(Try it)
In the records below, find the line that contains "(价格:小米的产品普遍比对手低50%以上,点击可看大图)" and the line that contains "最基本的足輕妖魔沒什麼威脅性"; write out exactly those two lines and everything between them, without the pictures.

(Exercise data)
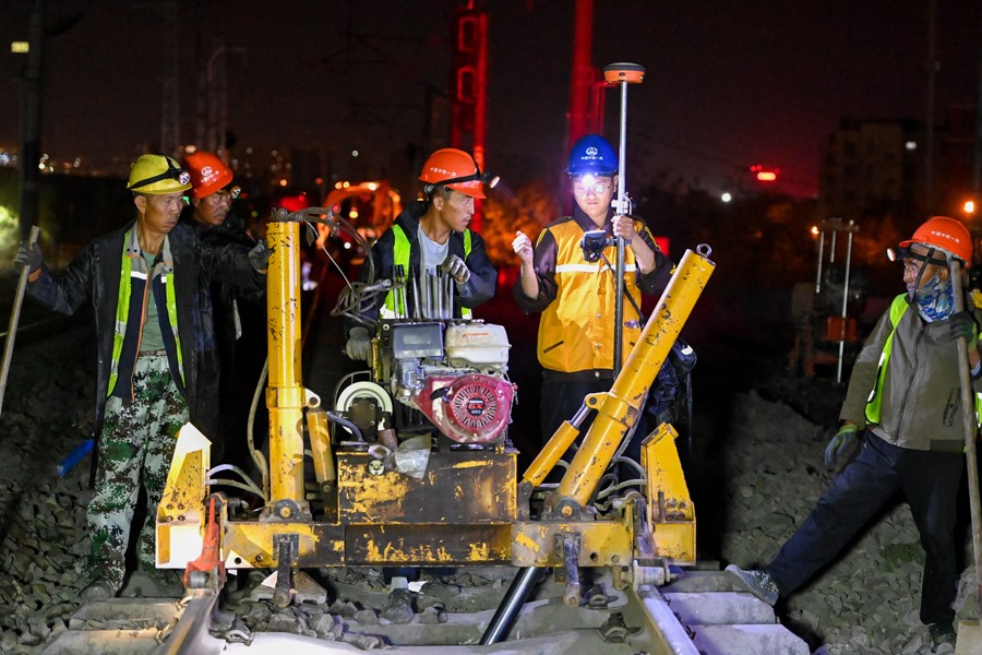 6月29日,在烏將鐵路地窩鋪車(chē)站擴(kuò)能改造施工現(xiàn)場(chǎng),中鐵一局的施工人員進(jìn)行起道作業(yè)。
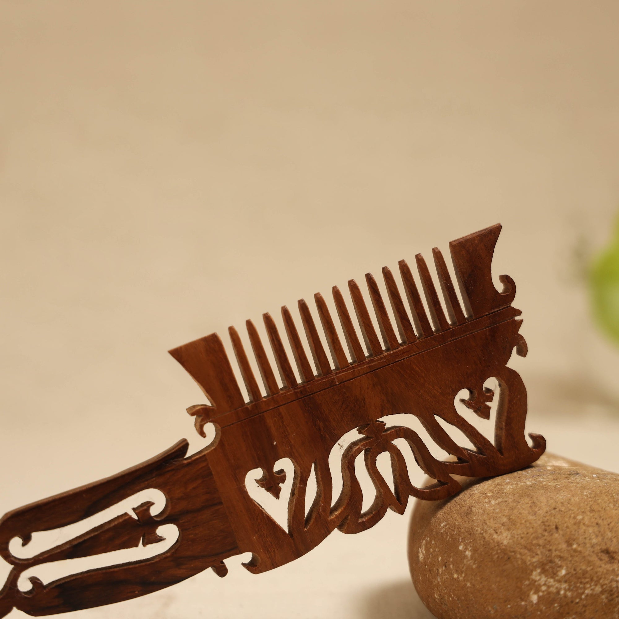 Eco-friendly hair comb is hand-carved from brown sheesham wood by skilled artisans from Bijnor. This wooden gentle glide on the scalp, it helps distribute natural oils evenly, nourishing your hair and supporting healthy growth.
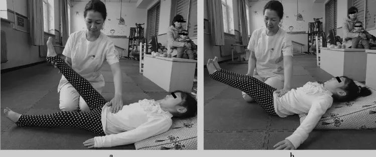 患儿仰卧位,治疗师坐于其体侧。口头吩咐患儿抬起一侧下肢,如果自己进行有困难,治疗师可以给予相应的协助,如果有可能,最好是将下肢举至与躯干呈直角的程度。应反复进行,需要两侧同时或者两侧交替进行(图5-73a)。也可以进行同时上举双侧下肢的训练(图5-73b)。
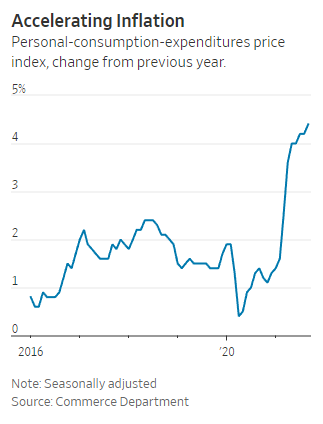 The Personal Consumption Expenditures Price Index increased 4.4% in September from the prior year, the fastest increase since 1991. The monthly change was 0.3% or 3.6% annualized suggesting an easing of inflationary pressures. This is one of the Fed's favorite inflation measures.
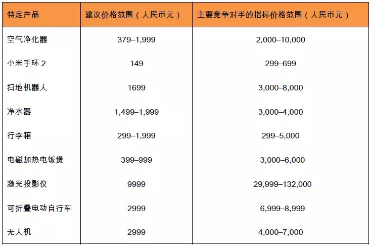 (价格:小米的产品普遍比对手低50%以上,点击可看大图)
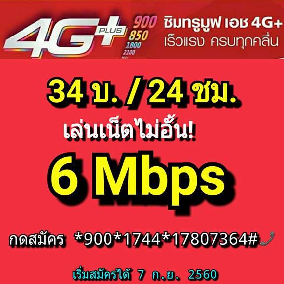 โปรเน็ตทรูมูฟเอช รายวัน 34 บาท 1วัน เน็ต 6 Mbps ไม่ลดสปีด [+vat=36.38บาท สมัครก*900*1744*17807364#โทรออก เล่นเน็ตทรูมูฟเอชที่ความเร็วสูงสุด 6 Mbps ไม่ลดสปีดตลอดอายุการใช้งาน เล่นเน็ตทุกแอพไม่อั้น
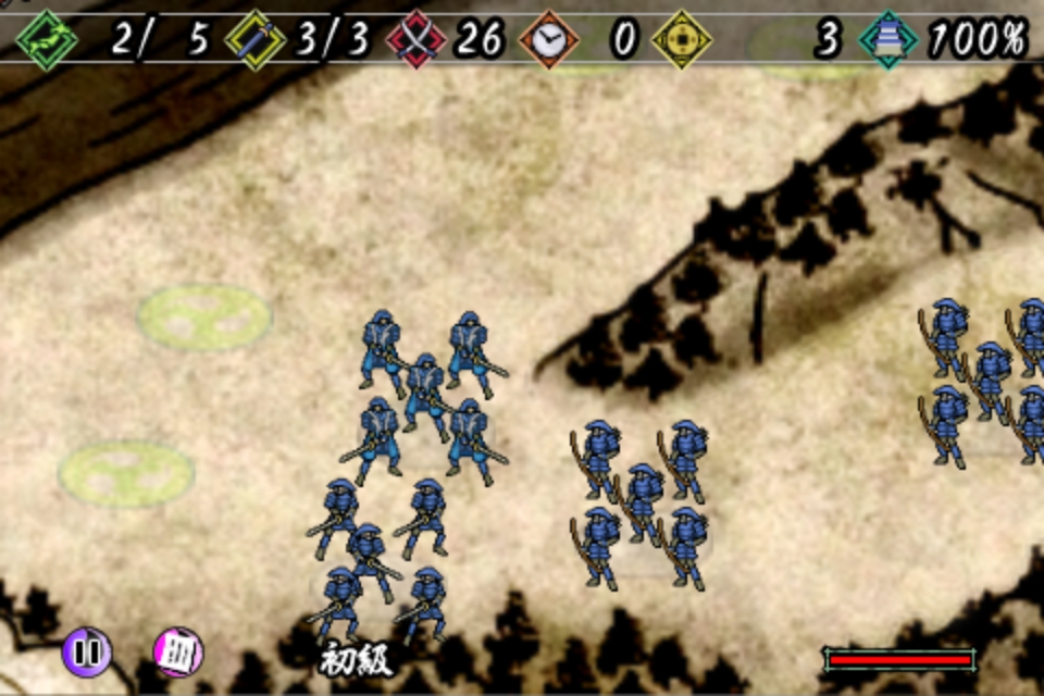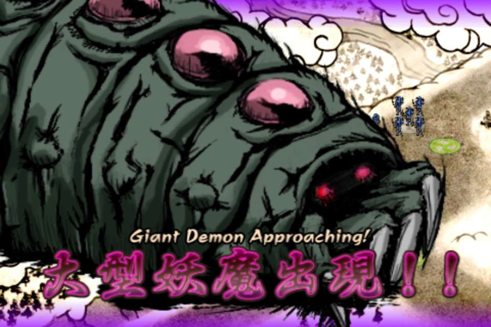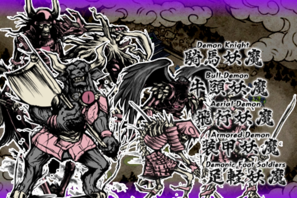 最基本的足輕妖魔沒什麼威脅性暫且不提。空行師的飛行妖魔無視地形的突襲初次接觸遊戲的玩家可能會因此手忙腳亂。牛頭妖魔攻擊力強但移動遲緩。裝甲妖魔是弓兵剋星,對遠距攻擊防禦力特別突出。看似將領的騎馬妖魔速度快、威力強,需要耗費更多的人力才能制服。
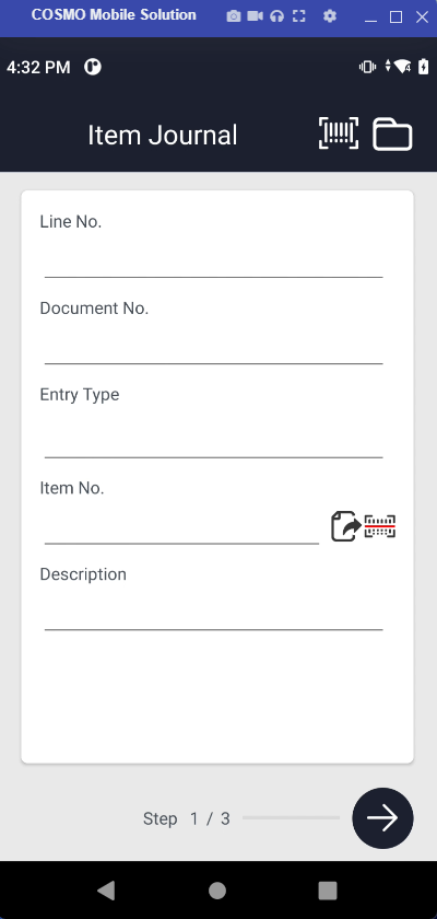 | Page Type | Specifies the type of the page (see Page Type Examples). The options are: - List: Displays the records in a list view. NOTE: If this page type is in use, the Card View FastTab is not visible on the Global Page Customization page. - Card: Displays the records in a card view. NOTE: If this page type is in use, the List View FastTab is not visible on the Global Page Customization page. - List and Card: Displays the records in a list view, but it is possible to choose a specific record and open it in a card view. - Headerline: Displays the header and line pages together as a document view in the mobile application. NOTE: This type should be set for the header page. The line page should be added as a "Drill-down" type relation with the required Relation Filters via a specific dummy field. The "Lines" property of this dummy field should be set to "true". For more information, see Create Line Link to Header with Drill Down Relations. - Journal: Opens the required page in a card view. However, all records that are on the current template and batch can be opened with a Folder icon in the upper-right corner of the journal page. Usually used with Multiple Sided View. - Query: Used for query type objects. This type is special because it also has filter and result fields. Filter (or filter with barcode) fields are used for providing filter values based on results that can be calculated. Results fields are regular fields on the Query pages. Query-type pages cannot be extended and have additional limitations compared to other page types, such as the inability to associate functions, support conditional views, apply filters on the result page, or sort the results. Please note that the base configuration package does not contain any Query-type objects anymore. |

* * *

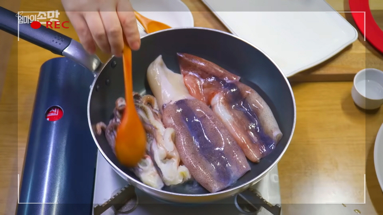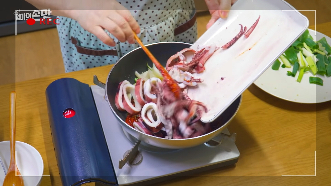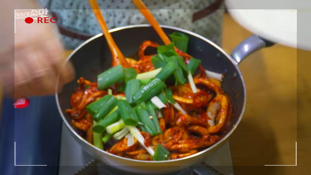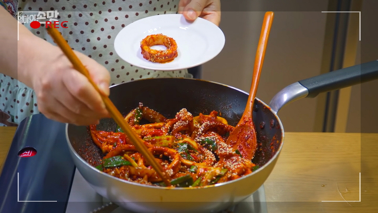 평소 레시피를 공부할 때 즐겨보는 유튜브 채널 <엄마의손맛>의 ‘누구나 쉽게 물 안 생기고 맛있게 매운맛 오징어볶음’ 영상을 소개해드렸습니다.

(Exercise result)
 (价格:小米的产品普遍比对手低50%以上,点击可看大图)
 โปรเน็ตทรูมูฟเอช รายวัน 34 บาท 1วัน เน็ต 6 Mbps ไม่ลดสปีด [+vat=36.38บาท สมัครก*900*1744*17807364#โทรออก เล่นเน็ตทรูมูฟเอชที่ความเร็วสูงสุด 6 Mbps ไม่ลดสปีดตลอดอายุการใช้งาน เล่นเน็ตทุกแอพไม่อั้น
 最基本的足輕妖魔沒什麼威脅性暫且不提。空行師的飛行妖魔無視地形的突襲初次接觸遊戲的玩家可能會因此手忙腳亂。牛頭妖魔攻擊力強但移動遲緩。裝甲妖魔是弓兵剋星,對遠距攻擊防禦力特別突出。看似將領的騎馬妖魔速度快、威力強,需要耗費更多的人力才能制服。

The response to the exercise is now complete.